Task to carry out
From the line with "Wählen wir eine" to the line with "The tiny theatre", output every line below exactly, both ends included. Skip the pictures.

Source information

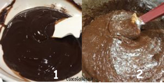 Iniziamo subito la nostra preparazione facendo fondere a bagnomaria o in microonde il burro con il cioccolato fondente spezzettato. Successivamente montiamo le uova con 180gr di  zucchero, fino ad avere una massa gonfia e spumosa.
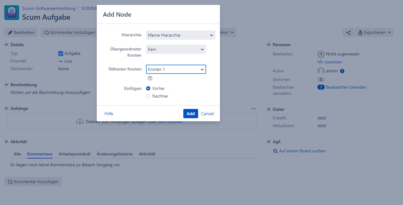 Wählen wir eine Hierarchie mit dem Namen Meine Hierarchie und platzieren unseren Knoten vorher Knoten 1. Es gibt keinen Übergeordneter Knoten, da das aktuelle Problem den Problemtyp Aufgabe hat und wir kein Epic in der aktuellen Hierarchie haben.
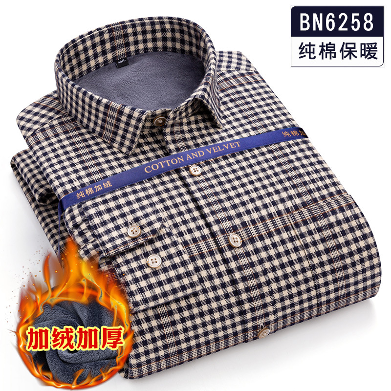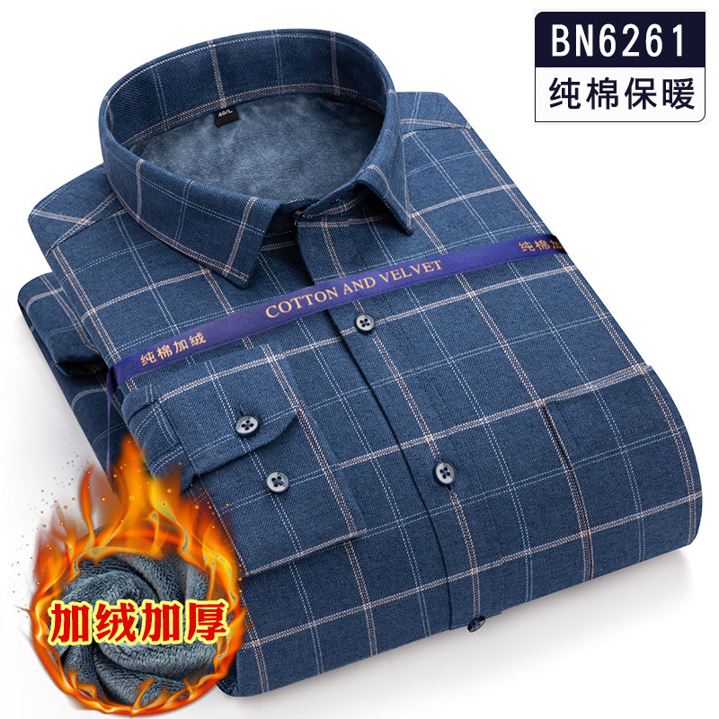 엄선된 2024년 겨울 신상 남성용 작은 격자무늬 셔츠 따뜻한 긴팔 순면 플러스 벨벳 두꺼운 캐주얼 셔츠
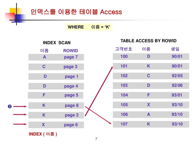 - 인덱스와 실제 테이블은 위와 같이 ROWID 라는 값으로 연결 되어 있다.
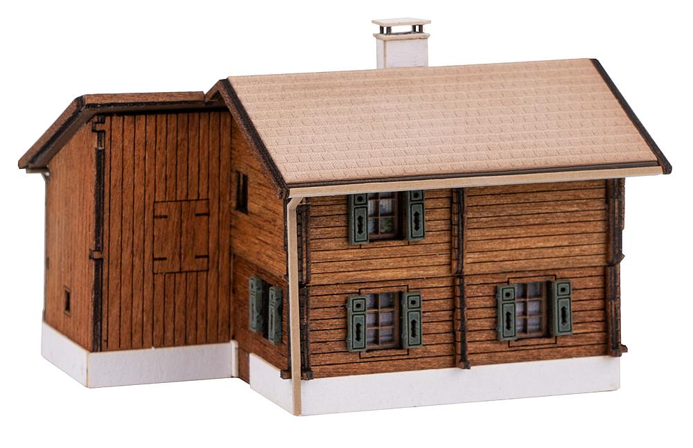 Lasercut-Bausatz nach dem Originalvorbild des Bahnwärterhauses im denkmalgeschützten Stationsgebiet von »Stugl-Stuls«. Das Modell des schlichten Blockbaus eignet sich auch für die Darstellung eines Einfamilien- oder Wochenendhauses in ländlich-bäuerlicher Bauweise. Die Wände des Modells sind aus gebeiztem Echtholz.
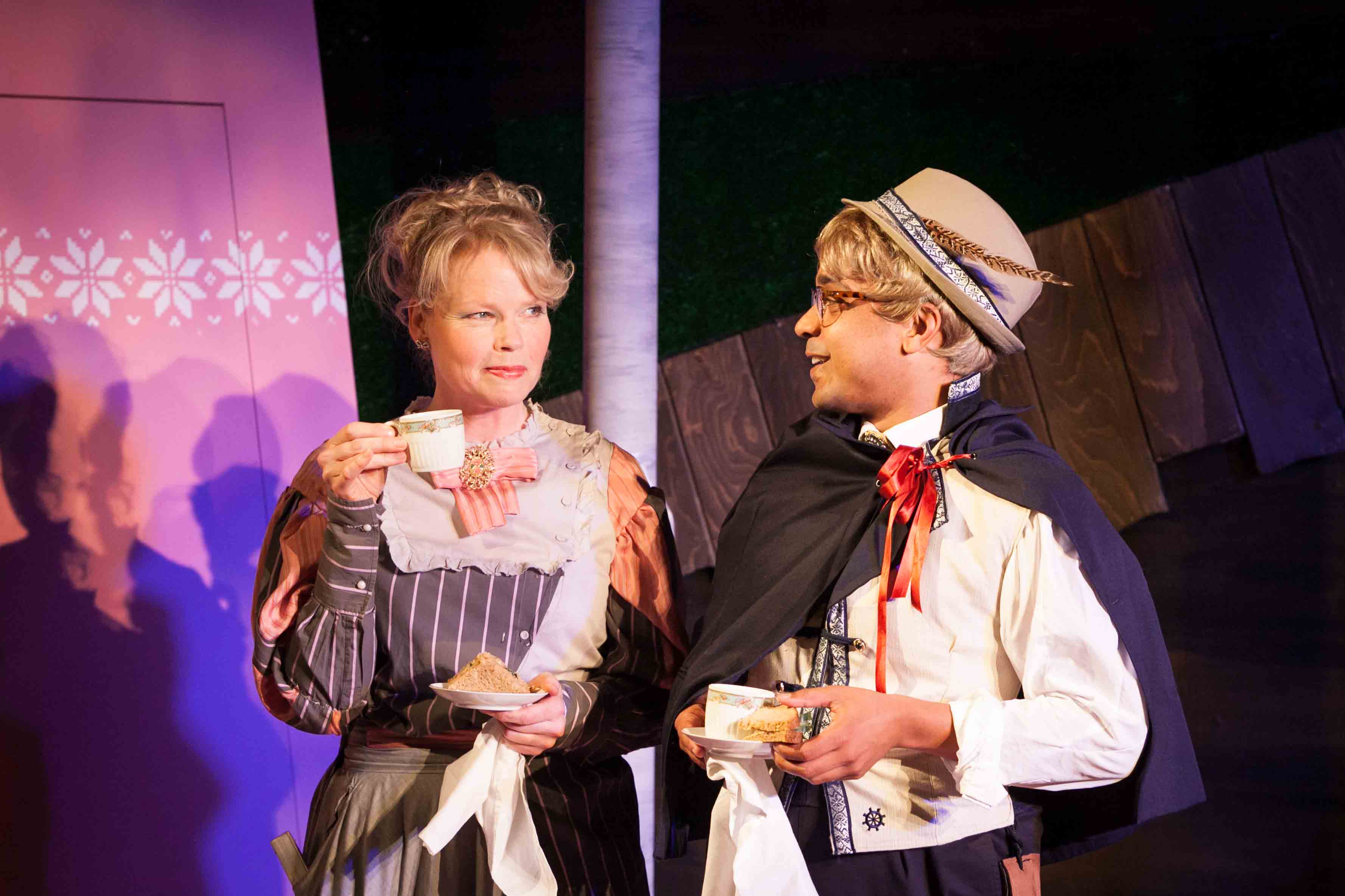 The tiny theatre is transformed into the exuberant Nordic cousin of Tolkein’s The Shire, all low wooden doorways in alarming pastel shades and bucolic rhapsody. In a nice touch, the goblins (whose mischievous spiking of the punch-bowl sets confusion in motion) lurk at the back of the stage, adding constant commentary in Luke Bateman’s attractively naïve musical accompaniment. Some dodgy poetry (and still dodgier West Country accents) completes their role as folk-styled agents provocateurs.
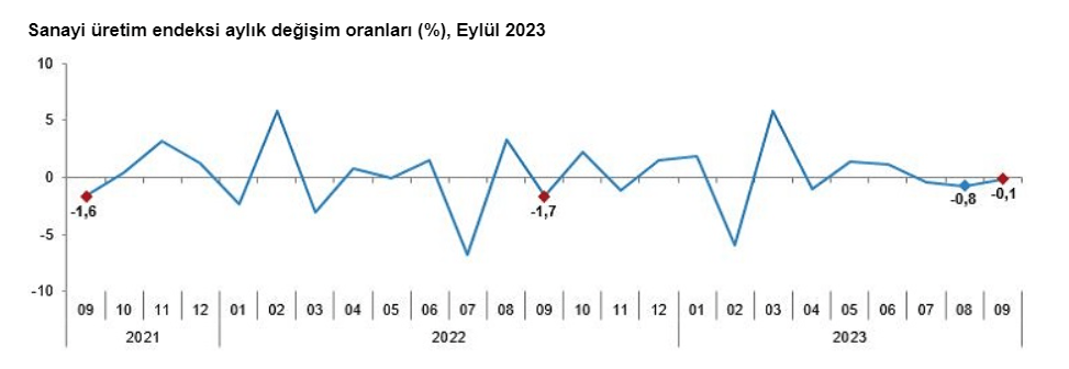Sanayinin alt sektörleri incelendiğinde, 2023 yılı Eylül ayında imalat sanayi sektörü endeksi aynı kaldı ve elektrik, gaz, buhar ve iklimlendirme üretimi ve dağıtımı sektörü endeksi yüzde 2,0 azaldı. Temmuzdan bu yana negatif bölgeye geçen sanayi üretimi “mayınlı tarla”daki yolculuğunu eylül ayında da sürdürdü. Türkiye İstatistik Kurumu’nun (TÜİK) eylül ayı sanayi üretim endeksi verilerine göre sanayi üretimi mevsimsel etkilerden arındırılmış olarak bir önceki aya göre yüzde 0,1 oranında azaldı. Böylece temmuz ayında sanayi üretiminde başlayan düşüş 3’üncü ayına girdi. Üretim, yıllık bazda ise yüzde 4 artış kaydetti.
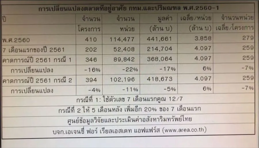 จากการสำรวจข้อมูลภาคสนามของศูนย์ข้อมูลวิจัยและประเมินค่าอสังหาริมทรัพย์ไทย บจก.เอเจนซี่ ฟอร์ เรียลเอสเตท แอฟแฟร์ส (www.area.co.th) ที่ดำเนินการมาอย่างต่อเนื่องตั้งแต่เดือนมกราคม 2537 จนถึงเดือนล่าสุด ดร.โสภณ ประธานศูนย์ข้อมูลฯ พบว่าในรอบ 7 เดือนแรกของปี 2561 มีโครงการเปิดใหม่รวมกัน 202 โครงการ รวม 52,408 หน่วย มูลค่า 214,704 ล้านบาท ราคาเฉลี่ยหน่วยละ 4.097 ล้านบาท แต่ละโครงการมีขนาด 259 หน่วย
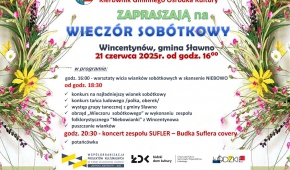 W Wincentynowie w gminie Sławno 21 VI będzie wieczór sobótkowy. Początek głównej części wydarzenia, pełnego rozmaitych atrakcji, o godzinie 18.30. Wcześniej, od godziny 16.00, zaplanowano warsztaty z wicia wianków w skansenie „Niebowo”. Sobótki w Wincentynowie, to nie jedyne atrakcje jakie w regionie przygotowano na najkrótszą noc w roku.
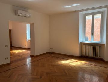 Nelle vicinanze di Largo Argentina, a Via Monterone, in un grazioso edificio dotato di ascensore, elegante e spazioso appartamento posto al terzo e al quarto piano. E’ composto da un grande salotto doppio, 3 camere da letto, 2 bagni, cucina arredata, lavanderia, bagno ospiti. Da una comoda scala si accede al quarto piano, tutto mansardato, con un bel salotto, una grande camera da letto con bagno, soffitta ed enormi ripostigli. L’appartamento è dotato...
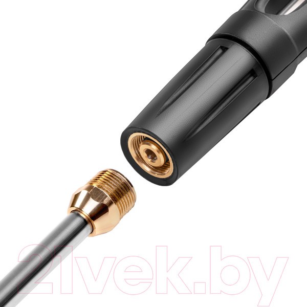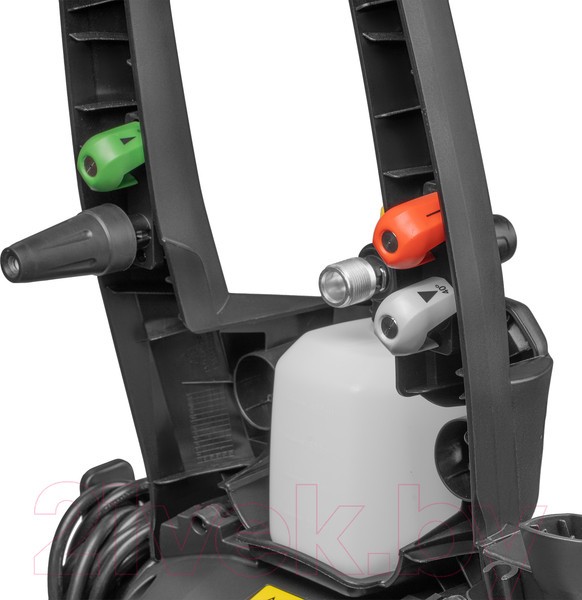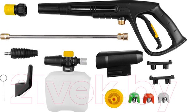 В комплекте: пистолет высокого давления, распылитель, пеногенератор, форсунки 3 шт., насадка распылитель Turbo, переходник, быстросъем для шланга 3/4, гибкий шланг высокого давления, колеса, игла для очистки сопла.

Answer to this task
 Wählen wir eine Hierarchie mit dem Namen Meine Hierarchie und platzieren unseren Knoten vorher Knoten 1. Es gibt keinen Übergeordneter Knoten, da das aktuelle Problem den Problemtyp Aufgabe hat und wir kein Epic in der aktuellen Hierarchie haben.
 엄선된 2024년 겨울 신상 남성용 작은 격자무늬 셔츠 따뜻한 긴팔 순면 플러스 벨벳 두꺼운 캐주얼 셔츠
 - 인덱스와 실제 테이블은 위와 같이 ROWID 라는 값으로 연결 되어 있다.
 Lasercut-Bausatz nach dem Originalvorbild des Bahnwärterhauses im denkmalgeschützten Stationsgebiet von »Stugl-Stuls«. Das Modell des schlichten Blockbaus eignet sich auch für die Darstellung eines Einfamilien- oder Wochenendhauses in ländlich-bäuerlicher Bauweise. Die Wände des Modells sind aus gebeiztem Echtholz.
 The tiny theatre is transformed into the exuberant Nordic cousin of Tolkein’s The Shire, all low wooden doorways in alarming pastel shades and bucolic rhapsody. In a nice touch, the goblins (whose mischievous spiking of the punch-bowl sets confusion in motion) lurk at the back of the stage, adding constant commentary in Luke Bateman’s attractively naïve musical accompaniment. Some dodgy poetry (and still dodgier West Country accents) completes their role as folk-styled agents provocateurs.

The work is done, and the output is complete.